Ese es el gran error de la inmensa mayoría, aunque están los del lado opuesto, los que están siempre pensando en que se van a morir muy pronto, y no disfrutan de los las cosas buenas que también las hay en esta vida que es la que se conoce. De la otra nadie ha vuelto para explicar como es, y si realmente existe.
Con este panorama presente, los días de reflexión, recogimiento ¿seguro? y de vacaciones, el pasado día 14, Miércoles Santo, que marca el fin de la Cuaresma y el inicio de la Pascua, - dicen que es cuando Judas entrega a Jesús a los guardias romanos a cambio de 30 monedas de plata- el estadio del F.C.Barcelona y por ende la ciudad de Barcelona se vestía de Blanco, no precisamente nuclear, ni madrileño, sino alemán y escandaloso.
Miles de seguidores del equipo de futbol Eintracht Frankfurt hacían de las suyas por el centro de la ciudad condal y buena parte de la Diagonal para rematar su jugada en el interior del estadio donde los seguidores blancos, la mayoría, carecían de educación, respeto y el civismo se lo habían dejado en los bares y terrazas donde se habían bebido toda la cerveza, wiski y otras bebidas alcohólicas del mundo.

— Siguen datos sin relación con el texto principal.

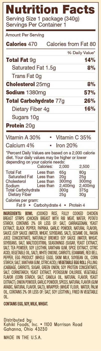 Kahiki Chicken Fried Rice With Vegetable Egg Roll
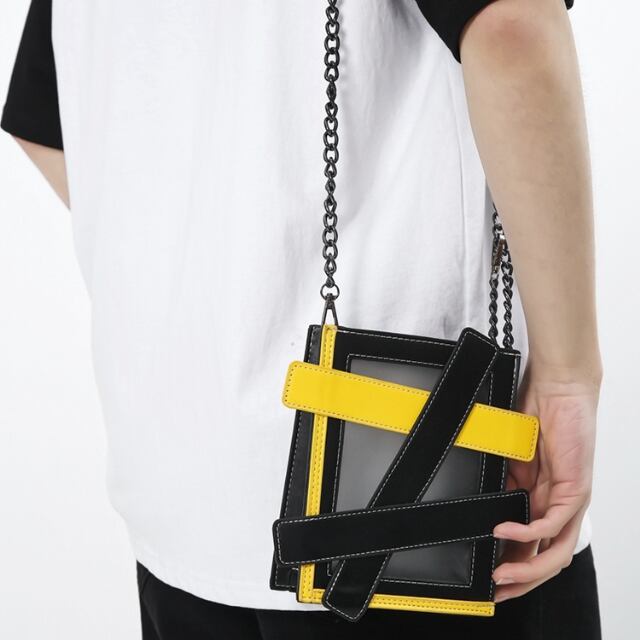 【予約販売】ショルダーバッグ チェーン メンズ レディース ミニバッグ 黒 グリーン イエロー オレンジ 斜め掛け モード クラシカル メッセンジャー 黒 こなれ感 お洒落 韓国 トレンド
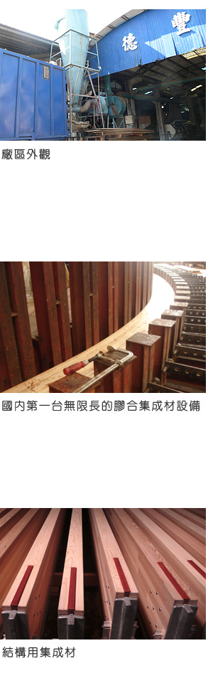 與大藏聯合建築師事務合作「池上車站」,德豐木業負責車站大廳的木結構,包含材料處理與曲樑製作加工。這是台灣現今尺度最大的國產結構用彎曲集成材建築,也是德豐承接過量體最大的木結構工程,組裝方式以特殊內埋鐵板為關鍵,單支曲樑長度達八點五米,曲樑兩端各被一組雙曲樑扣夾接合,雙曲樑兩側再以十四支金屬摩擦栓固定一點五米長的雙T字內埋鋼板,最後固定於鋼筋混凝土的地板結構。如此拱樑組共有十九組,大廳的跨距十一點八米,縱深六十五米。
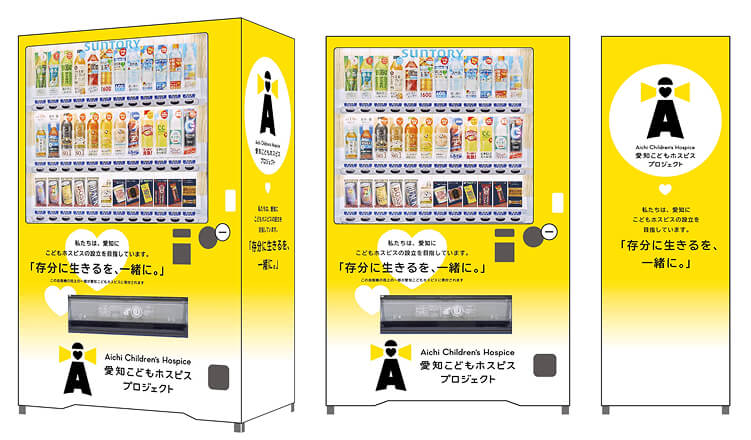 飲料水を1本購入する毎に数円がこどもホスピスに寄付される仕組みとなっている自動販売機です。
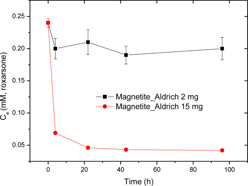 The initial experimental conditions employed roxarsone (Co = 0.24 mM, V = 0.020 L) at pH 7.00 in water at 21.0 °C for 4, 22, 43, 96 h with 200 rpm shaking are shown in Figure 3, where Co is the initial concentration of roxarsone. The time required to reach sorptive equilibrium for roxarsone with commercial magnetite (Aldrich) exceeded 20 h. According to Figure 3, an equilibration time used herein for the sorption of roxarsone was 24 h for an adsorbent dosage of 15 mg at these conditions. The use of higher dosages of adsorbent for the isotherm studies minimizes the random errors related to sample weight and residual levels of unbound adsorbate (Ce), as shown by the calibration data in Figure 2b.
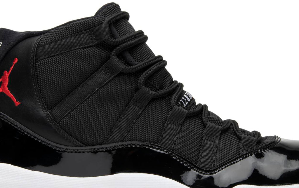 Released in December, the Jordan 11 Retro Playoffs (2012) brings back the famous black/red colorway to the Jordan 11 silhouette. The design features a black mesh upper with black patent leather overlays, red Jumpman accents, a white midsole, and a translucent red outsole. Originally released in 1995, the sneaker was retro’d in 2001 and in 2008 alongside an Air Jordan 12 as part of the ‘Collezione Pack’.

La jugada fue rematada por el resultado, dejando fuera de la competición europea a los azulgranas.
Fue una noche redonda para ellos y una pésima para los socios y simpatizantes que fueron doblemente humillados. Alguien hizo el gran negocio vendiendo 35.000 entradas para que aplaudieran al equipo contrario. Una estrategia digna de unos lumbreras.
El lunes de Pascual, conocido popularmente como el Día de la Mona, “salta” la noticia del espionaje a líderes independentistas a través del programa Pegasus, invento de una empresa israelita que suele utilizar más de un gobierno.

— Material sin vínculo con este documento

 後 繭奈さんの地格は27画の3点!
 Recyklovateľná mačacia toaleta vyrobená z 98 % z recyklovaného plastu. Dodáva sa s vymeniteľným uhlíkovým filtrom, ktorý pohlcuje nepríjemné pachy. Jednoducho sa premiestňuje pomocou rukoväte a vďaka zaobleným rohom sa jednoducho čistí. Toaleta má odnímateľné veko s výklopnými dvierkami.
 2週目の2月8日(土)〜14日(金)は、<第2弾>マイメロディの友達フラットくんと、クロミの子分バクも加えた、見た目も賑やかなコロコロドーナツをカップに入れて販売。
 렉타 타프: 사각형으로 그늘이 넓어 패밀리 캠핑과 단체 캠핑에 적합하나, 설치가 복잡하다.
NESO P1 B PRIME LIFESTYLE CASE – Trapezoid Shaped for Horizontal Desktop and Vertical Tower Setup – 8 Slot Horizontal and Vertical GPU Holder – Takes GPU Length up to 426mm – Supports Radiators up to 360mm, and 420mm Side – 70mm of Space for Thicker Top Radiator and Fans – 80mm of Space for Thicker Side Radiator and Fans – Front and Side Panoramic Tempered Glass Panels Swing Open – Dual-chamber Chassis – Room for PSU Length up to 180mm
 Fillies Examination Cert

El suceso ha sido denominado “catalan gate’ y ha revolucionado el panorama catalán, español y algunos creen que el europeo y mundial. Se pide explicaciones al gobierno opresor y “mafioso” como algún colega bien pagado lo define. Se ha armado la marimorena y este hecho ha vuelto a “unir” al independentismo, de momento. Rueda de prensa en Bruselas con la presencia de Puigdemont, Junqueras, representantes de la ANC, Ómnium para denunciar el espionaje y declarar que presentarán querellas en cinco países.

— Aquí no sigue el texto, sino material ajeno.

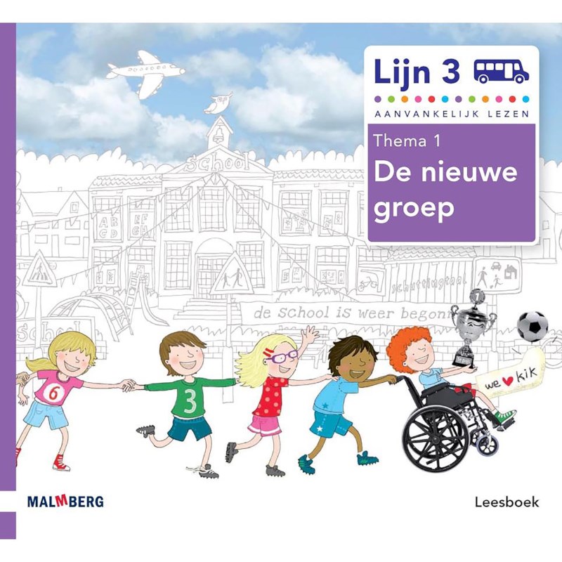 Leesboek bij thema 1 van Lijn 3 De nieuwe groep. Elk kind leest bij Lijn 3 in een eigen leesboek met een unieke dubbele leeslijn. Iedereen leest hetzelfde verhaal uit hetzelfde boek, maar wel op zijn eigen leesniveau. In de gekleurde achtergrond staat telkens de tekst op het moeilijkere niveau voor de goede lezer. In elk leesboek staan enkele samenleesverhalen. Daarbij wisselt het leesniveau binnen het verhaal en kan je samen met je kind afstemmen wie welke rol neemt.
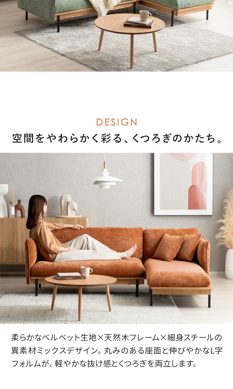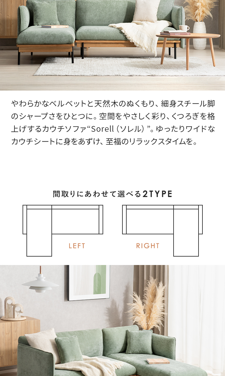 カウチソファ Sorell〔ソレル〕/やわらかなベルベットと天然木のぬくもり、細身スチール脚のシャープさをひとつに。空間をやさしく彩り、くつろぎを格上げするカウチソファ“Sorell(ソレル)”。ゆったりワイドなカウチシートに身をあずけ、至福のリラックスタイムを。
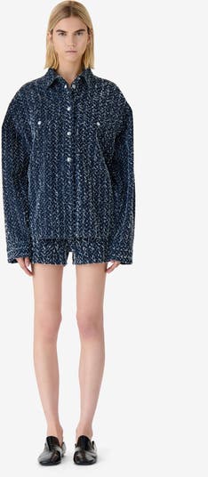A triumph of artisanal craftsmanship, the Velini Jacket transforms rugged denim into a sophisticated, tweed-like masterpiece through intricate, hand-punched pulls for a unique, tactile finish.
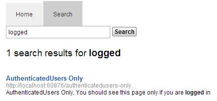 public class SearchResultsByPermissions : SearchResults{}public class SearchResultsByPermissions : SearchResults{ protected override void InitializeControls(GenericContainer container) { Label resultsStats = this.ResultsStats; //this is the original localized stats message. It shows all the results var resultsStatsMessage = resultsStats.Text; base.InitializeControls(container); if (string.IsNullOrEmpty(this.Query)) { this.ResultsStats.Text = string.Empty; return; } int numberOfAllResults = 0; SearchResults.ISearcher searcher = this.GetSearcher(); //these are all the results (not filtered by permissions) var allResults = searcher.Search(this.Query, this.IndexCatalogue, 0, 0, out numberOfAllResults); if (allResults == null) { return; } //here we will store only the results we have permissions to see List<IDocument> securedResultSet = new List<IDocument>(); foreach (var document in allResults) { var type = document.GetValue("ContentType"); var ID = new Guid(document.GetValue("OriginalItemId")); if (TypeResolutionService.ResolveType(type) == typeof(PageNode)) { var manager = PageManager.GetManager(); //suppress the security checks so the code can be executed even if //the current user doesn't have enough permissions manager.Provider.SuppressSecurityChecks = true; var page = manager.GetPageNode(ID); if (page != null) { ISecuredObject securedObject = (ISecuredObject)page; if (SecurityExtensions.IsSecurityActionTypeGranted(securedObject, SecurityActionTypes.View)) { securedResultSet.Add(document); } } manager.Provider.SuppressSecurityChecks = false; } } var numberOfSecuredSearchResults = securedResultSet.Count; char[] chrArray = new char[] { '\"' }; string str = this.Query.Trim(chrArray); resultsStats.Text = string.Format(resultsStatsMessage, numberOfSecuredSearchResults, HttpUtility.HtmlEncode(str)); this.ConfigurePager(numberOfSecuredSearchResults); this.ResultsList.DataSource = null; int itemsToSkip = this.GetItemsToSkip(); int itemsToTake = this.GetItemsToTake(); ResultsList.DataSource = securedResultSet.Skip(itemsToSkip).Take(itemsToTake); } private int GetItemsToSkip() { if (this.AllowPaging) { int pageNumber = this.GetPageNumber(this.GetUrlEvaluationMode(), this.PageKey, 0, "PageNumber"); if (pageNumber > 0) { return (pageNumber - 1) * this.ItemsPerPage; } } return 0; } private int GetItemsToTake() { if (!this.AllowPaging) { return 0; } return this.ItemsPerPage; }}

Mientras, el presidente del Govern, Pere Aragonés, comparecía este martes ante los medios para anunciar que las relaciones con el gobierno de España se ven afectadas por el presunto espionaje y ha pedido una investigación para aclarar las responsabilidades.
Vamos, que ya se ha vuelto a liar y este acontecimiento ha venido para unir al independentismo. Ya tenemos de nuevo el follón liado. ¡Adiós tranquilidad!, ¡Adiós recuperación económica!, ¡Adiós cohesión! ¿Volvemos a las andadas? La pregunta que nos debemos hacer es: ¿Quién sale beneficiado de este t "espionaje"? Si piensan un poco, deducirán de quien o quienes ha salido la filtración, que no es de ahora.
“No permitiré injusticias ni juego sucio, pero, si se pilla a alguien practicando la corrupción sin que yo reciba una comisión, lo pondremos contra la pared... ¡Y daremos la orden de disparar!", eso decía Groucho Marx.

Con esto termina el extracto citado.